在命运之神设计的剧本里,或许已经白纸黑字写下了塔露拉的结局,她会死在罗德岛手里,她不配得到救赎,也不配和陈在一起。而塔露拉本人,她对此毫无疑议,乃至甘之如饴。谁叫阿米娅的确是个让人心服口服的好继任者呢,可谁又能说陈不算是个好恋人?

早在最初,陈决定带着塔露拉离开枷锁的那天,塔露拉就已经知道这个人到底有什么打算。陈想要救她,陈想要她继续活着,所以她一直没有忘记那个期限,没有忘记她们这次小小冒险只能有一周时间。

这些日子里,难道陈做的还不够吗?塔露拉并非铁石心肠,难道她不知道现在陈的表情会是那样让人想要去亲吻她,安抚她的吗?是的,塔露拉承认,或许自己去看了陈的表情,就会头脑一热,就像陈把塔露拉带了出来、就像阿米娅默许她们逃离牢笼浪迹天涯一样,就答应了她,说出「我们一直在一起,我们离开这里吧」这种梦一样、泡沫一般美丽的承诺。

可太阳最终还是升起来了。

阳光照在大地上,为所有生命带来存活的动力。陈说话间不知不觉带上哽咽,而塔露拉的喉咙又有些痒起来,她还是不说话,以免又咳起来让陈担心。

该说的话,想说的话,昨夜她已经说过了。

塔露拉昨夜说的是:你说会带我看过雪山和日出,我们已经看过了雪山,我们还打过雪仗,那么再看完这个日出,我们就回去吧。

「塔露拉。

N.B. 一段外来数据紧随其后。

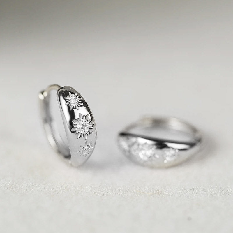 - Product Name: 925 Sterling Silver CZ Starburst Huggie Hoop Earrings
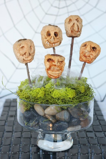 Эта морщинистая голова Бабы-Яги сделана из обычного яблока. Для изготовления симпатичного создания возьмите яблоко твердых сортов, очистите его от кожуры. Вокруг хвостика яблока можно оставить небольшой "островок" кожуры. После этого маркером наметьте черты будущего лица: глаза, рот, нос. Все эдетали должны быть достаточно крупные, чтобы не исчезнуть после того, как яблоко сморщится.
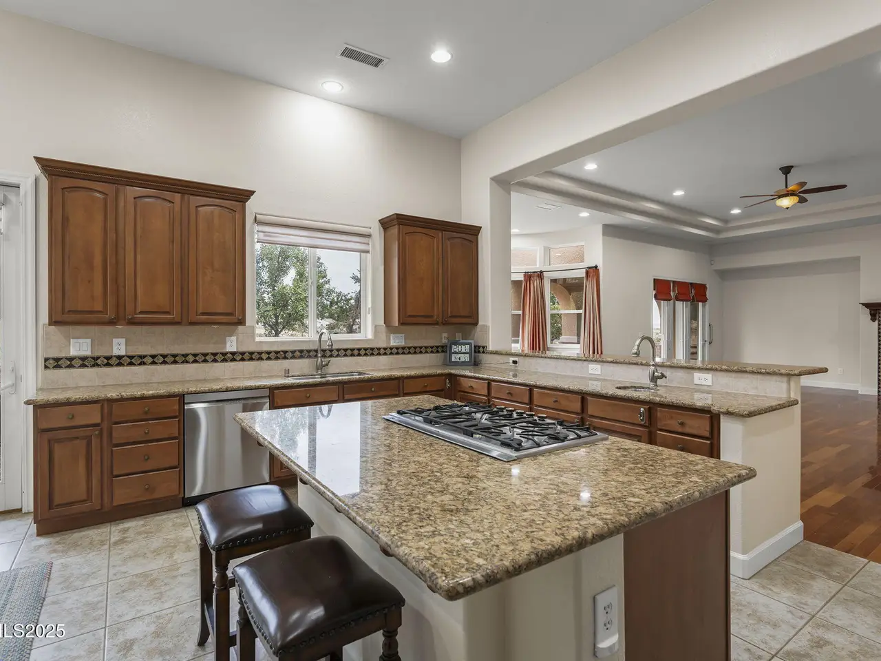 • Large kitchen island with 5-burner gas cooktop
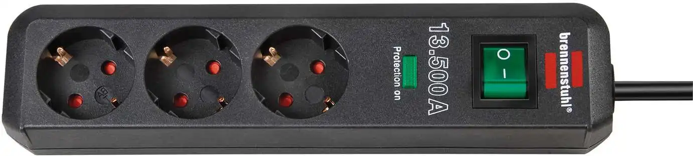 Brennenstuhl 1158810315 Eco-Line 13.500A prise multiple avec protection contre les surtensions 3-gang anthracite 1,5m H05VV-F 3G1,5 Blister
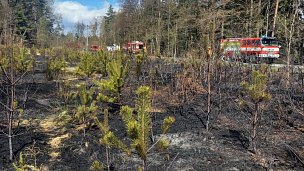 Profesionální hasiči z centrální hasičské stanice Žďár nad Sázavou zasahují společně s jednotkami SDH obcí Borovnice a Jimramov v obci Borovnice na Žďársku u požáru lesního porostu.
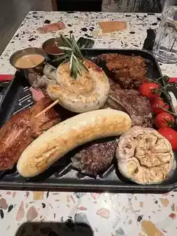 我点了一份肉拼盘,里面有螺旋香肠、鲜嫩的牛排和香脆的烤鸡……搭配两种酱料,每一口都美味无比🤤!精酿啤酒是这里的灵魂——麦芽的香气在舌尖迸发,醇厚而清爽。坐在吧台边,欣赏调酒师娴熟的技艺,啜饮一口美酒,工作的疲惫瞬间消散~
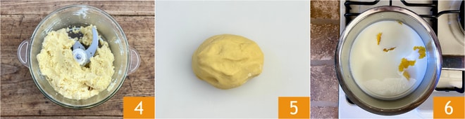 Cuando la mezcla esté homogénea 4, transfiérala a la superficie de trabajo. Compacte rápidamente con las manos formando un bloque 5 y envuélvalo en papel film. Déjelo reposar en el frigorífico por al menos media hora. Mientras tanto, prepare la crema pastelera. Vierta la leche entera en un cazo con la ralladura de medio limón y caliéntela a fuego bajo 6.
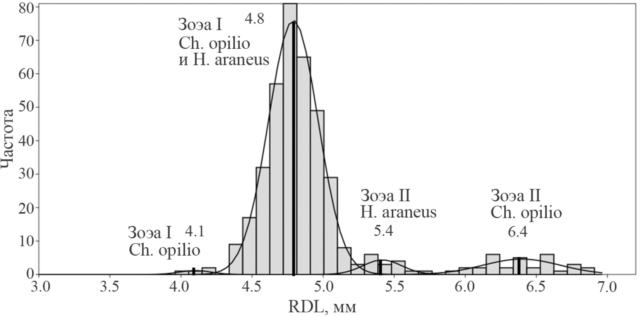 Анализ с помощью разделения смешанного распределения на нормально распределенные группы размеров RDL всех измеренных личинок выявил нестабильный результат для четырех размерных групп (средние значения RDL ± стандартное отклонение 4.1 ± 0.1, 4.8 ± 0.2, 5.4 ± 0.1 и 6.4 ± 0.3 мм соответственно; Log ik.hood = 304.3 и Akaike IC = –592.3) (рис. 4). При раздельном анализе размеров личинок для C. opilio стабильно определяются три размерных группы со средними значениями RDL ± стандартное отклонение: 4.1 ± 0.1 и 4.8 ± 0.2 мм — на стадии зоеа I, и 6.4 ± 0.3 мм — на стадии зоеа II (Log ik.hood = 395 и Akaike IC = –777.7). Анализ только личинок H. araneus выявил схожую с крабом-стригуном группу на стадии зоеа I (4.7 ± 0.2 мм) и отдельную группу на стадии зоеа II (5.5 ± 0.1 мм) (Log ik. hood = 395 и Akaike IC = –777.7). При раздельном анализе данных с каждой станции группа с малыми размерами (4.1 ± 0.1 мм) выделялась только на станциях у пролива Карские Ворота (ст. 6281 и 6282). На станции в центре Карского моря (ст. 6222) была найдена только одна личинка с малыми размерами (RDL 4.2 мм).

」

于是最后,陈只是念着她的名字,从身后抱紧了她。

她不畏惧死亡,不害怕失败,也不因自己的决定后悔过,唯独让她恐惧的,只是爱。

塔露拉感到药效似乎过了,她的眼眶发热,被陈拥抱着的时候,身体更加烧得虚弱,近乎脱力,明明身在雪山,大脑却被升腾的热气蒸得无法思考。

陈最后叹息着,说太阳升起来了,塔露拉,可这不是我们约好要看的那个太阳啊。

塔露拉笑了起来,陈的确没有说错。

可如果她们都盼望的那个明日已无法来到,或许唯一的方法,就是走回黑夜。她们可以在黑夜里寻找新的道路,在星光的指引之下,在无数先人的骨血之上走向一个所有受苦难者都能被温柔对待的崭新明天。

但这一切都与现在的她们无关了。

塔露拉牵起陈的手,亲吻一次,宛若骑士一般单膝跪在她身前,似乎是凯旋,又更像是与自己的爱人道别。

「祝福我吧,陈。」塔露拉笑得平和,说了个根本不好笑的笑话,「上次我离开你时,你没有祝福我,所以我们才走到这个地步呀。」

陈迎着太阳,努力着不落泪,以阿米娅的匕首在塔露拉两边肩上虚放,为自己的恋人献上祝福。

她们的明日不会到来了。

07

在赶回去的路上,塔露拉的身体是个拖时间的大问题,她们花了两天时间,终于在第七天傍晚回到曾经关押塔露拉的那处据点,可是那时候,那里已经人去楼空了。

就在她们密谋私奔的那所居室外,火焰焚烧的痕迹还残留着,但何止这一处呢,就是更加遥远的,据点中心的那座高耸教堂也被火舌刮过,在教堂的祭坛之上,放着两枚源石指环。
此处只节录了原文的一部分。